Task statement: Your output should be the lines below from the one holding "Lotto composto da" through the one holding "582 - كَانَ", transcribed exactly, with no pictures.

Task input:

■ ■ ■ ■ ■ ■ ■

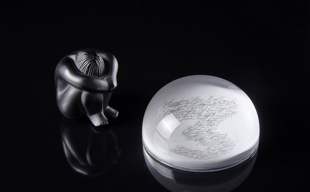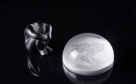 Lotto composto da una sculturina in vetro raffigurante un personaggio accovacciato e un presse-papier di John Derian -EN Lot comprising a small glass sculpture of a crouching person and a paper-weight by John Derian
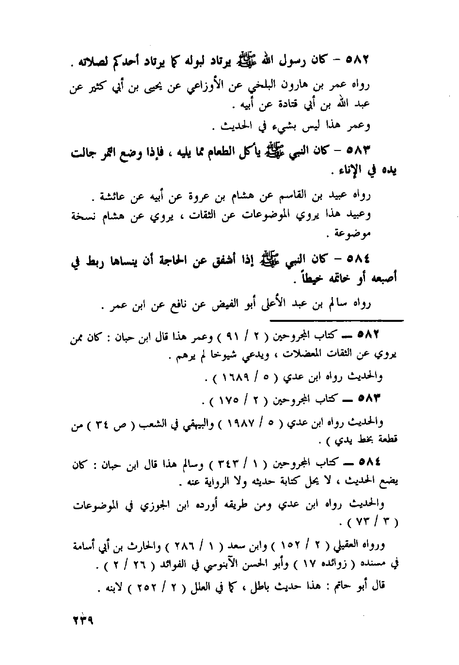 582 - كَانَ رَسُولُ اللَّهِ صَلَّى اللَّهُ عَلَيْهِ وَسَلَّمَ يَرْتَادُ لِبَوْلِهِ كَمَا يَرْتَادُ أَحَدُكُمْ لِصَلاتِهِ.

■ ■ ■ ■ ■ ■ ■

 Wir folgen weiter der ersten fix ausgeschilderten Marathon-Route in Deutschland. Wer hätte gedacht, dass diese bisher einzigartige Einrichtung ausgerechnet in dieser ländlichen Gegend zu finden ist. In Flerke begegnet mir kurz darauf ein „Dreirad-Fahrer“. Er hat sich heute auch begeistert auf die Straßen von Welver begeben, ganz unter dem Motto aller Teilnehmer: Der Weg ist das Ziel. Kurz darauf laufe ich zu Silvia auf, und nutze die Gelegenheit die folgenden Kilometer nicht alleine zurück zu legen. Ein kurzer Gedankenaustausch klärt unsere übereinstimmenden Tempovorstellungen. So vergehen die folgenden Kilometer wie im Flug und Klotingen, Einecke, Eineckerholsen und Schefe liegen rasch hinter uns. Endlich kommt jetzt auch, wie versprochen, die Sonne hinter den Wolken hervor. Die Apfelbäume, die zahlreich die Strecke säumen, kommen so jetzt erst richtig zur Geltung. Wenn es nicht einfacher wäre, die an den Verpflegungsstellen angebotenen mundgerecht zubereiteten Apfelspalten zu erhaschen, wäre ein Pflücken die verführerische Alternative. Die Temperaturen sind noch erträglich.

■ ■ ■ ■ ■ ■ ■

Answer to the problem:
 Lotto composto da una sculturina in vetro raffigurante un personaggio accovacciato e un presse-papier di John Derian -EN Lot comprising a small glass sculpture of a crouching person and a paper-weight by John Derian
 582 - كَانَ رَسُولُ اللَّهِ صَلَّى اللَّهُ عَلَيْهِ وَسَلَّمَ يَرْتَادُ لِبَوْلِهِ كَمَا يَرْتَادُ أَحَدُكُمْ لِصَلاتِهِ.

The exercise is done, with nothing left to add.